2. Pokój, droga słuchania oparta na pamięci, solidarności i braterstwie

Hibakusha, osoby, które przeżyły bombardowania atomowe w Hiroszimie i Nagasaki, należą do tych, którzy dziś podtrzymują płomień zbiorowej świadomości, świadcząc następnym pokoleniom o potworności tego, co wydarzyło się w sierpniu 1945 r. oraz o niewypowiedzianych cierpieniach, jakie po tym nastąpiły aż po dzień dzisiejszy. Ich świadectwo rozbudza i zachowuje w ten sposób pamięć o ofiarach, aby ludzkie sumienie stawało się coraz silniejsze w obliczu wszelkiej woli dominacji i zniszczenia: „nie możemy pozwolić, by obecne i nowe pokolenia utraciły pamięć o tym, co się wydarzyło, tę pamięć, która jest gwarantem i bodźcem do budowania bardziej sprawiedliwej i braterskiej przyszłości”[4].
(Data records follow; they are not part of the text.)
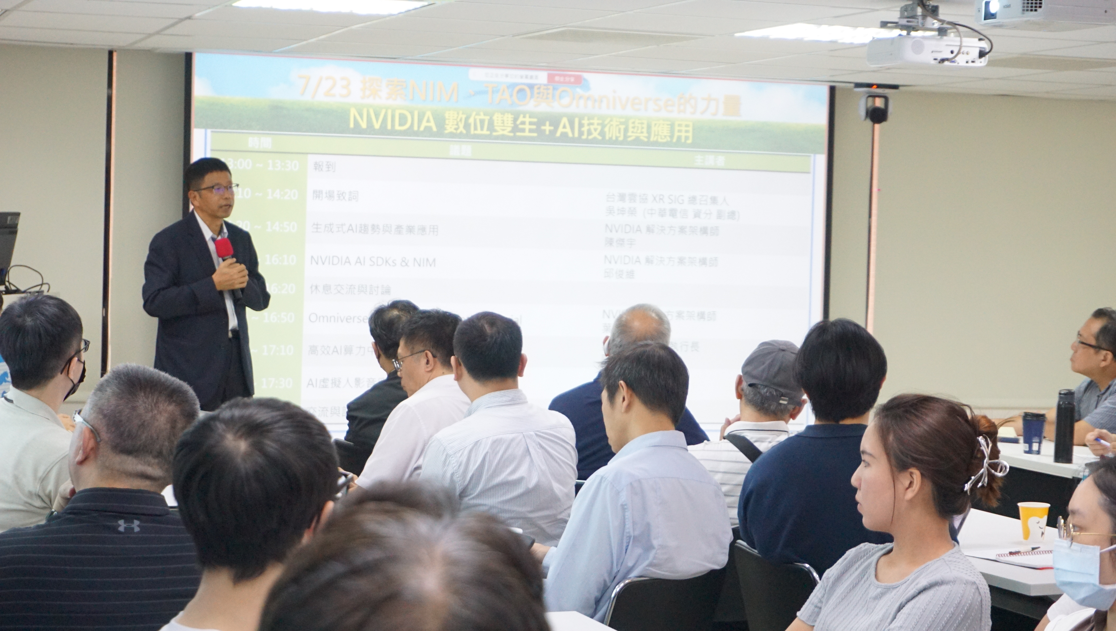 2024年7月23日,台灣雲協XR SIG舉辦的「NVIDIA 數位雙生+AI技術與應用」研討會圓滿落幕。本次活動吸引了近90位產業界人士參與,共同探討生成式AI在各產業的應用潛力。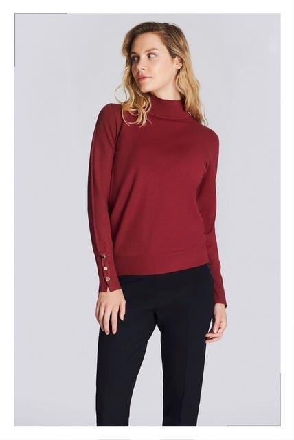 8014 Manşeti Düğme Aksesuarlı Dik Yaka Triko Bluz-Bordo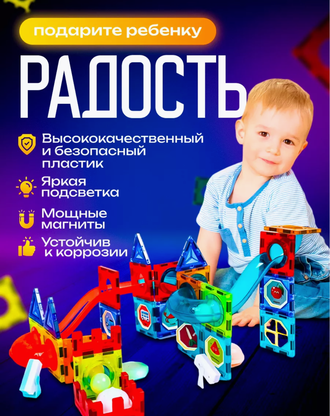 Дополнительная информация | з варианта подсветки, светящиеся шарики, поворотный прожектор, волшебный фонарик, сверхсильные магниты, фигурки не распадаются |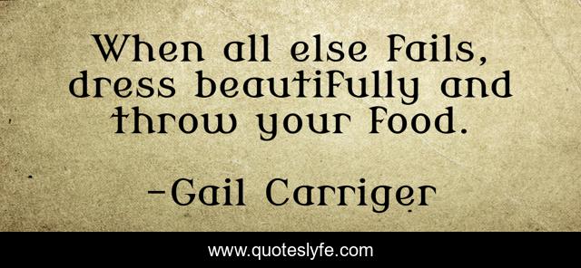 This page presents the quote "When all else fails, dress beautifully and throw your food.". Author of this quote is Gail Carriger. This quote is about when all else fails, dress,.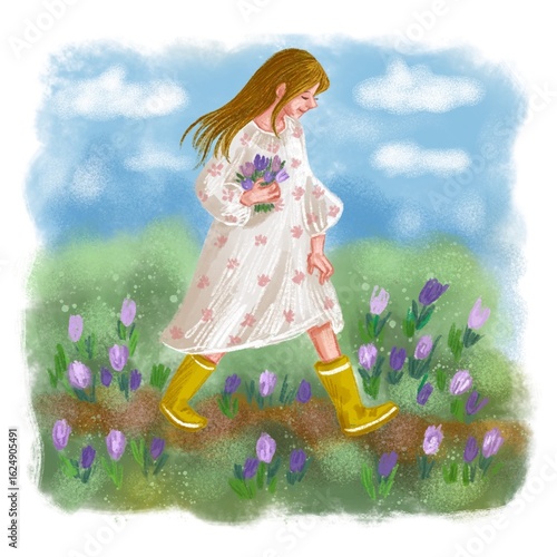 © lika2266, Fototapeta premium young woman walking in spring with tulips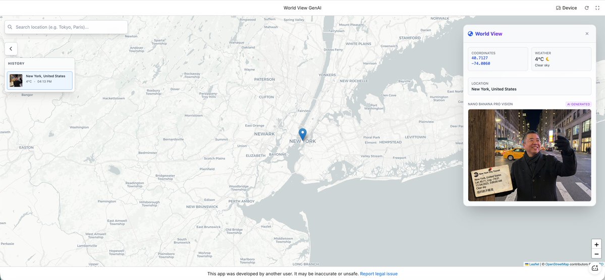 归藏做的这个 web app ,太有意思了。搜索框里选择全球任何地点,就会把你立即「挪」过去,还能根据实际天气着装。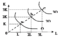 oа = ab = bc oа < ab < bc Рис. 22а. Изокванты при постоянной Рис. 22б. Изокванты при убывающей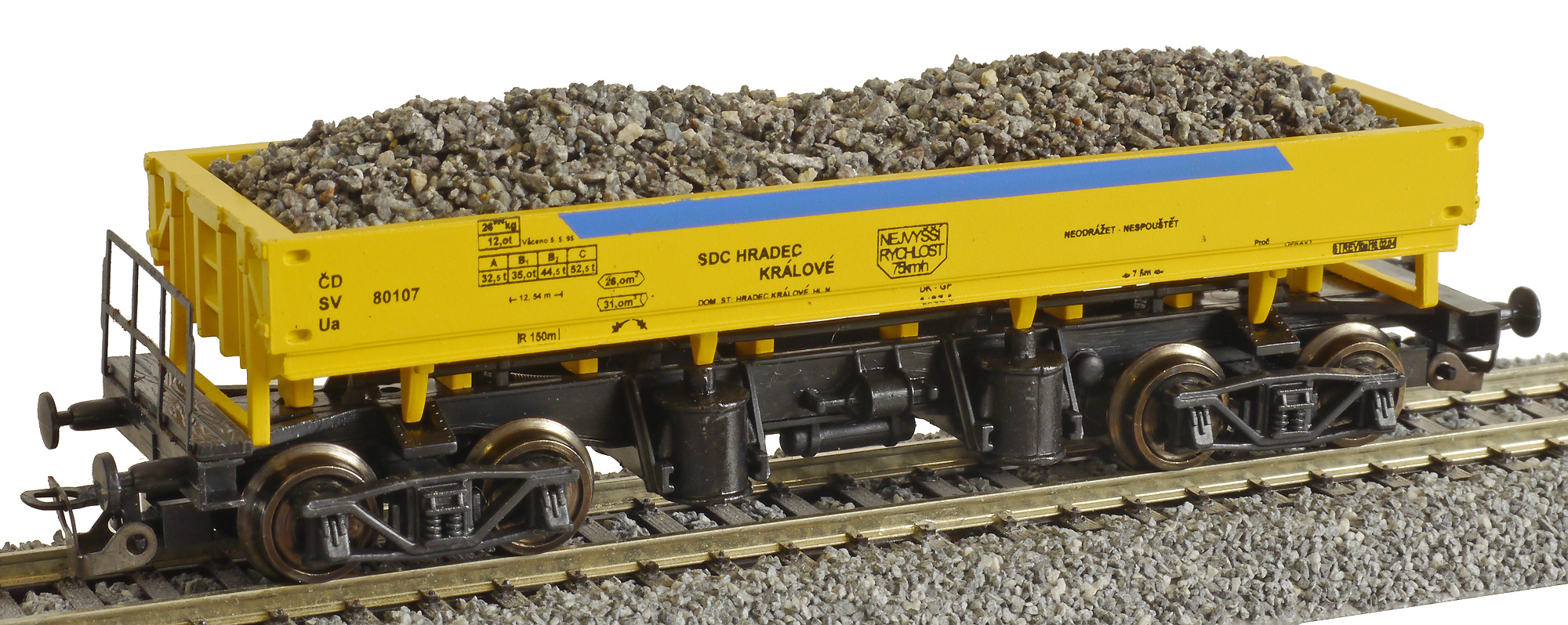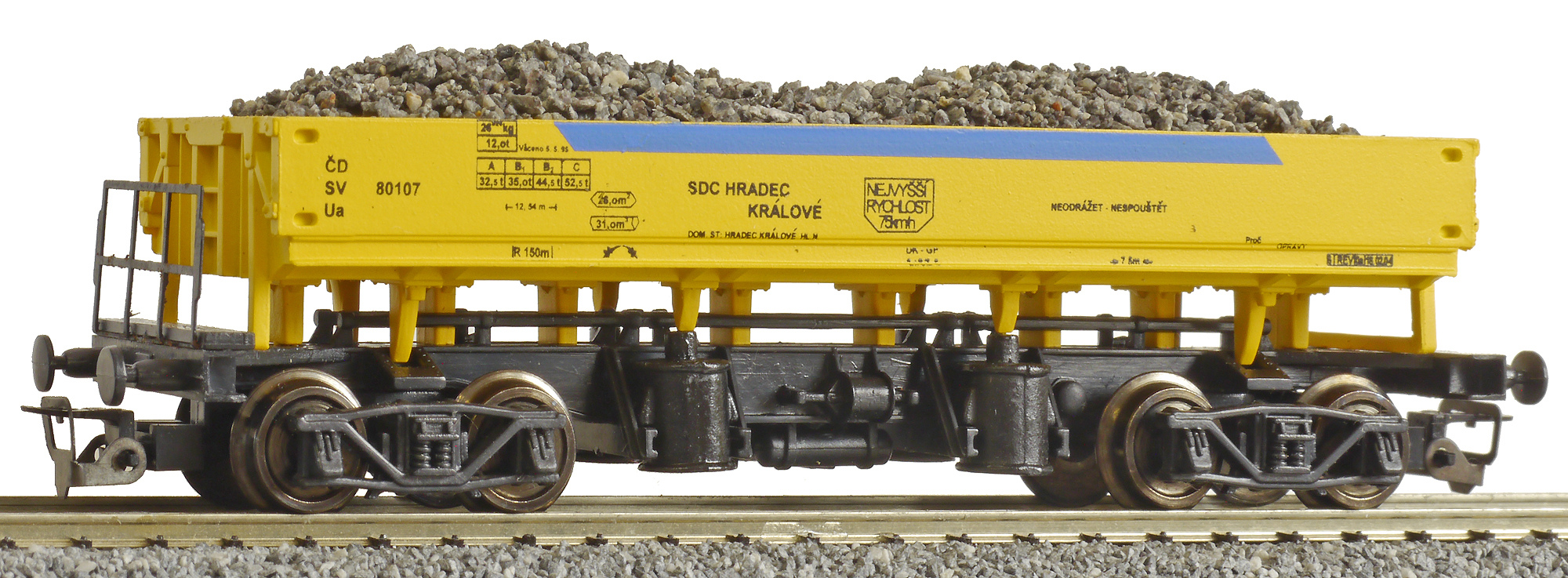 Popis   nákladní vůz oboustranně výsypný žlutý s černým pojezdem a s nákladem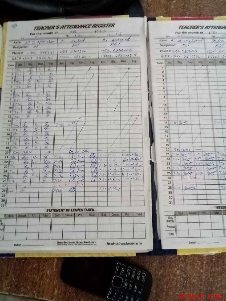 | Name: MU**** NA**** Designation: (School Headmaster's/Headmistress's) PST Phone/Cell Number: 03**** |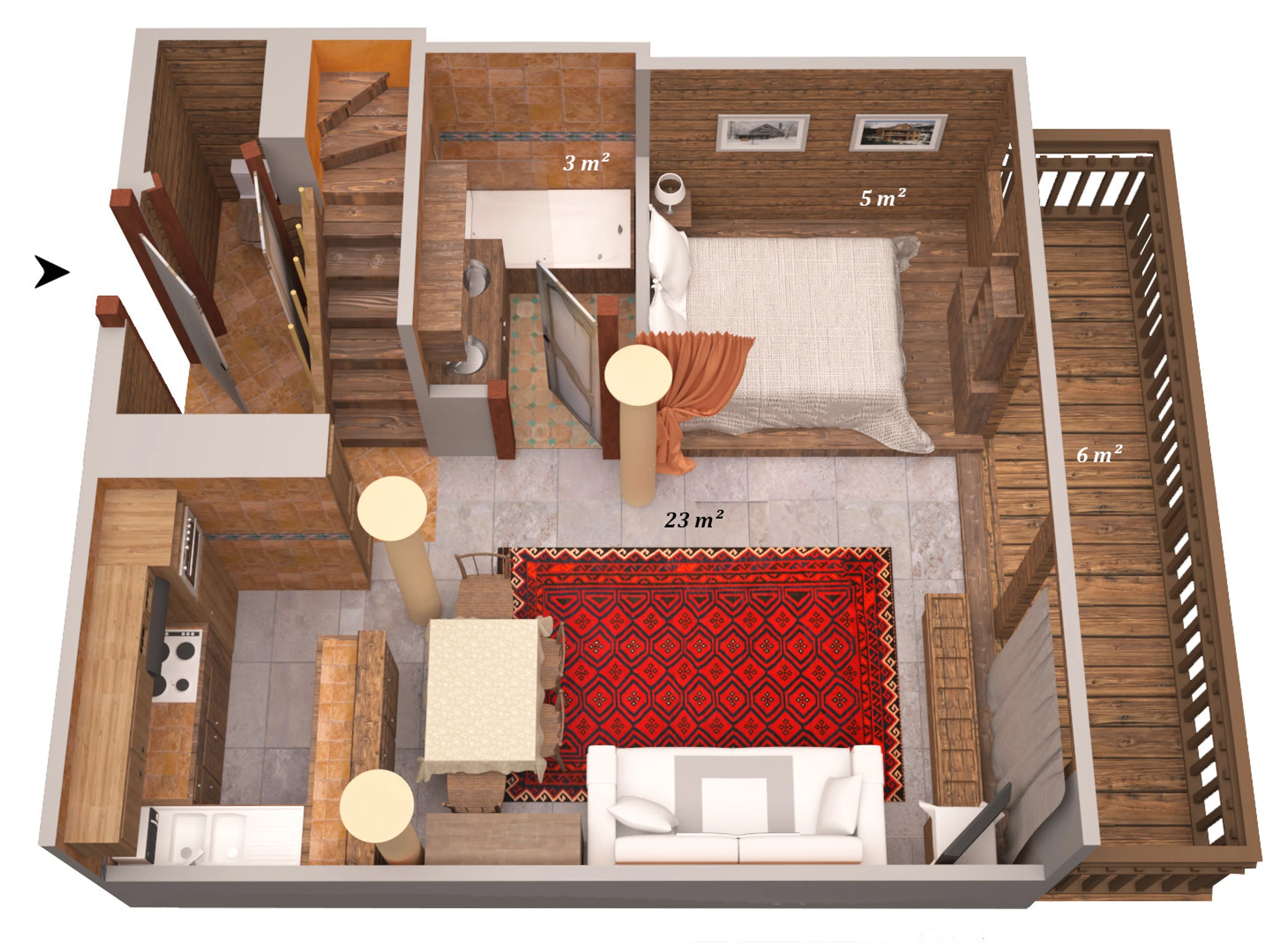 El 12R es un acogedor apartamento con orientación sur de 37 m² + 20 m² de entreplanta, con capacidad para 6 personas.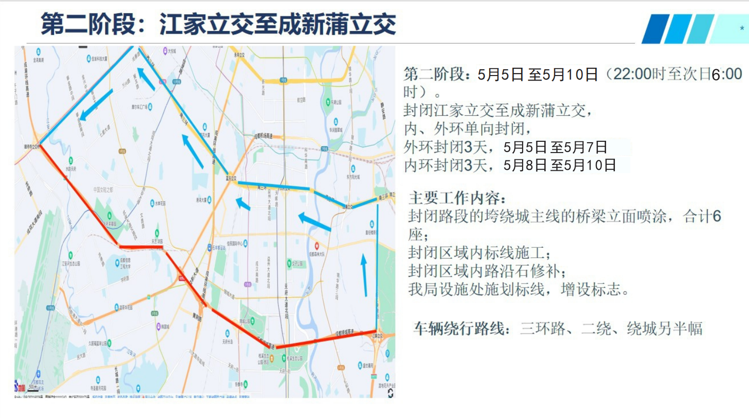 2022年5月5日至5月7日的每日22:00至次日6:00,成都绕城高速(G4202)成新蒲立交至江家立交的高速路段外环封闭施工,禁止机动车通行;2022年5月8日至5月10日的每日22:00至次日6:00,成都绕城高速(G4202)江家立交至成新蒲立交的高速路段内环封闭施工,禁止机动车通行。在此期间,蓉遵高速(G4215)、天府收费站、锦城湖收费站、京昆高速(G5)成雅高速段、白家收费站、成都机场收费站、接待寺立交双流收费站、成新蒲立交通往绕城高速施工路段的匝道同步封闭。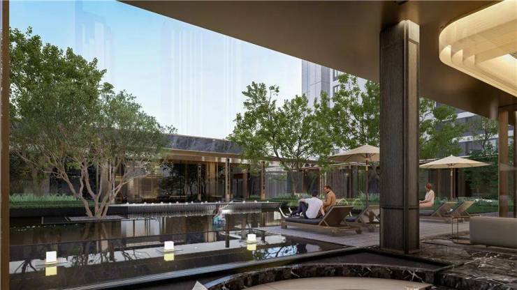 在建筑设计上,越秀天悦文华采用类公建化美学立面,以高级灰为主色调,打造出现代奢雅的建筑风格,重新定义了区域的人居美学高度。项目拥有近百米的城市美学界面,近 100m 交互式景观前序迎宾界面,不仅提升了城市界面形象,还让业主在归家途中便能感受到尊崇与惬意。约 52mx7m 的超宽归家大堂,气度非凡,尽显排场;酒店式迎宾环岛水景,为业主缔造尊崇礼序;约 3.6m 挑高归家大堂的 “星空顶” 礼遇光厅,让仪式感在细节处尽显。此外,项目还精心打造了 6 大东方主题院落,以 “留园” 式江南庭院为蓝本,配合洄游式观赏动线,将古典水景、对景、障景等元素进行现代式应用,营造出优雅的意境,让业主仿佛置身于诗意的画卷之中。独特造型的绿野仙踪主题乐园,为孩子们提供了更贴近自然的游玩体验,打造出 “家门口的游乐园”,让童心童趣自由徜徉。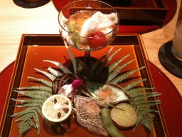 たとえば器にちょこんと2cm四方の食べ物がのっけられて部屋に運ばれてきて、なかなかに上品。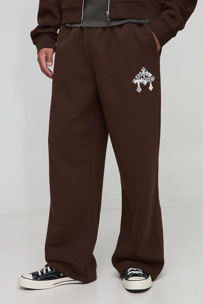 BoohooMAN rahat kesim, normal boyda, nakış detaylı, yumuşak ve sıcak kumaştan kahverengi eşofman altı.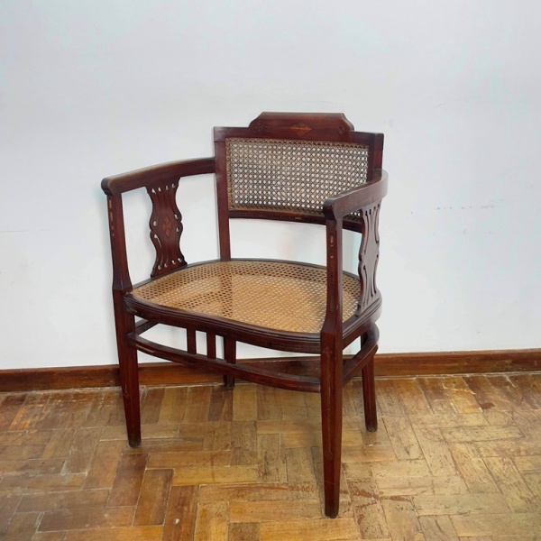 • MOBILIÁRIO - Cadeira em madeira nobre, marchetada, Art Decô, pequenas faltas, assento e encosto em palhinha. Med. 88x47x60 cm. Móveis Usados - Lote de móvel antigo e usado, podendo apresentar marcas de uso e desgaste natural do tempo. Há possibilidade de danos ocultos e ou outras imperfeições.  Não há garantia ou possibilidade de devolução após a aquisição. Recomenda-se inspeção prévia.

Podobnie jak oni, wiele osób na całym świecie oferuje przyszłym pokoleniom nieodzowną posługę pamięci, której należy strzec nie tylko po to, aby nie popełniać na nowo tych samych błędów, albo by nie proponowano na nowo złudnych wzorców przeszłości, ale także dlatego, aby jako owoc doświadczenia stanowiła ona korzeń i podpowiadała drogę dla obecnych i przyszłych decyzji pokojowych.

Co więcej, pamięć jest perspektywą nadziei: często w mrokach wojen i konfliktów, pamięć o nawet niewielkim otrzymanym geście solidarności może zainspirować decyzje odważne, a nawet heroiczne, może uruchomić nowe energie i rozpalić nową nadzieję w poszczególnych osobach i wspólnotach.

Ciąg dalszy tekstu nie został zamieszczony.